Evils of Hire Purchase

Extracts from a report to the Lord Chancellor summarising the “evils” of the hire purchase system and Labour MP Ellen Wilkinson’s Bill to change the law on hire purchase, 3rd December 1937 (LCO 2/1511)


6. The evils of the hire purchase system may be summarised as follows:-

(a) The goods are sold at an excessive price which is concealed in the agreement for payment by instalments.

(b) The purchaser is not protected by the warranties which are implied by the Sale of Goods Act in a sale, and the door is open for the supply of very low quality in relation to the price.

(c) The hire purchase agreement contains harsh terms enabling the vendor to enter and seize the goods when an instalment is in arrear.

(d) The purchaser, who is in effect the borrower, when he makes default loses both the goods, which are in effect the vendor’s security, and the instalments which he has paid, and remains liable for the balance of the price. This may be contrasted with the ordinary law of borrowing on security where, after sale or foreclosure, the value of the security is deducted from the amount of the debt.

7. On the other hand, the hire purchase system with all its defects fulfils a real need, and a mere prohibition of the system would ruin many respectable businesses and deprive large classes of the population of credit which they cannot otherwise obtain.

8. The evils of the system are partially remedied in Scotland by the Hire Purchase and Small Debt (Scotland) Act, 1932, which in effect frees the purchaser from his contract if the vendor recovers the goods and receives in all not less than one-third of the hire purchase price.

9. Many respectable firms in England voluntarily include a clause in their agreements on the lines of the Scottish Act, but this goes but a small way towards remedying the evils. The present Bill goes very much further than the Scottish Act.

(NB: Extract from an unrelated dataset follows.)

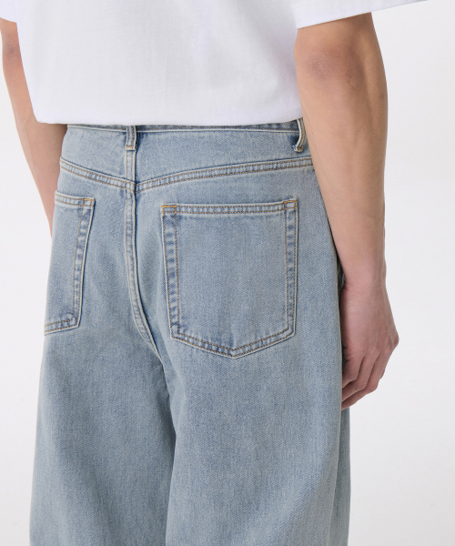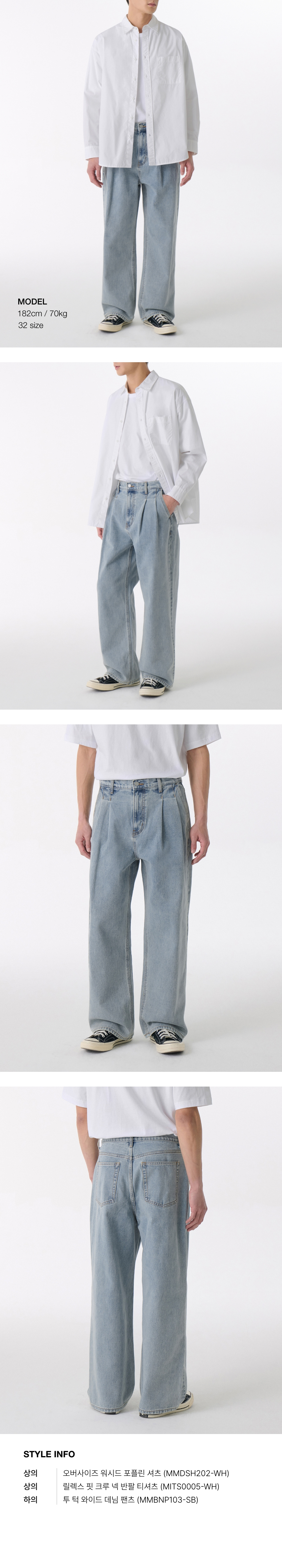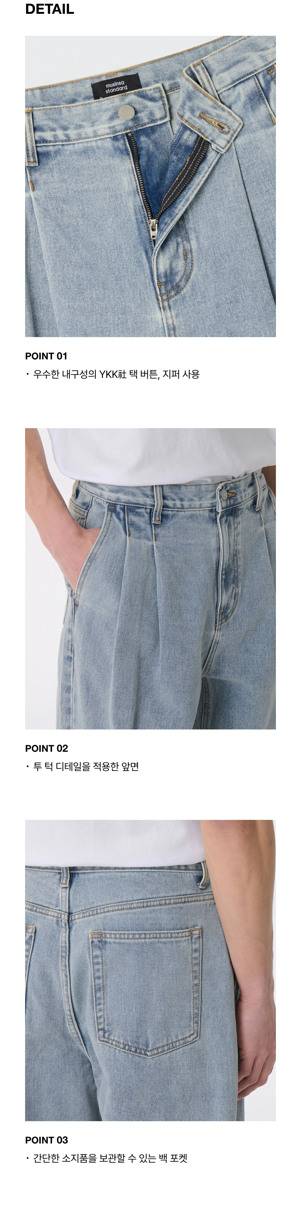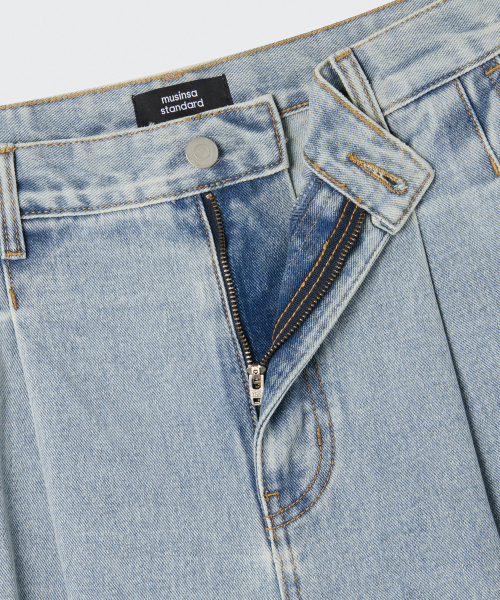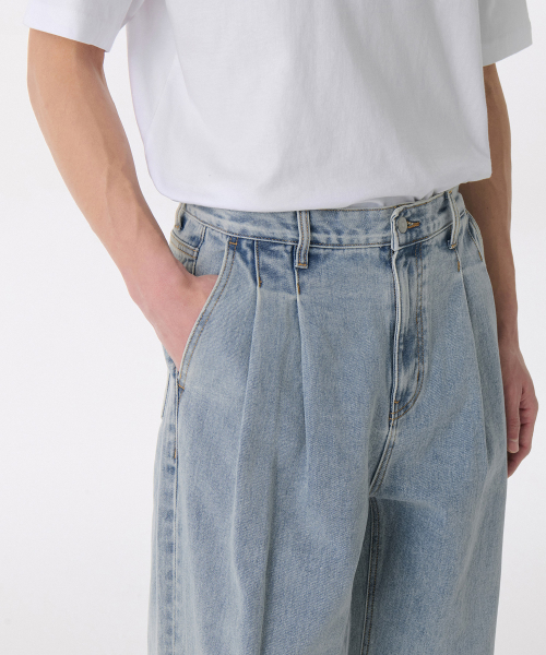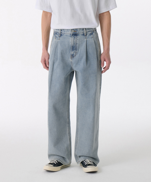 투 턱 와이드 데님 팬츠 [라이트 인디고]

10. The contents of the Bill may be summarised as follows. It requires a cash price to be stated in the agreement as well as a hire purchase price (cl. 2). It introduces something like the Scottish system (cl. 4). It forbids the vendor to enter a house and to seize the goods (cl. 5). It attempts to apply to a hire purchase agreement the warranties which are implied by the Sale of Goods Act in a sale (cl. 7). It limits the right of the vendor to resume possession and enables the purchaser to obtain relief from the court where a certain proportion of the purchase price has been paid. The court may then allow the purchaser to keep the goods on terms as to payment of the price by instalments.

11. It is astonishing that any body representing the vendors should have been willing to go so far. The explanation seems to be that certain reasonable people, connected with the trade, impressed with the necessity to set their house in order, both in their own and in the public interest, with difficulty persuaded the more respectable firms to come to agreement with the promoters.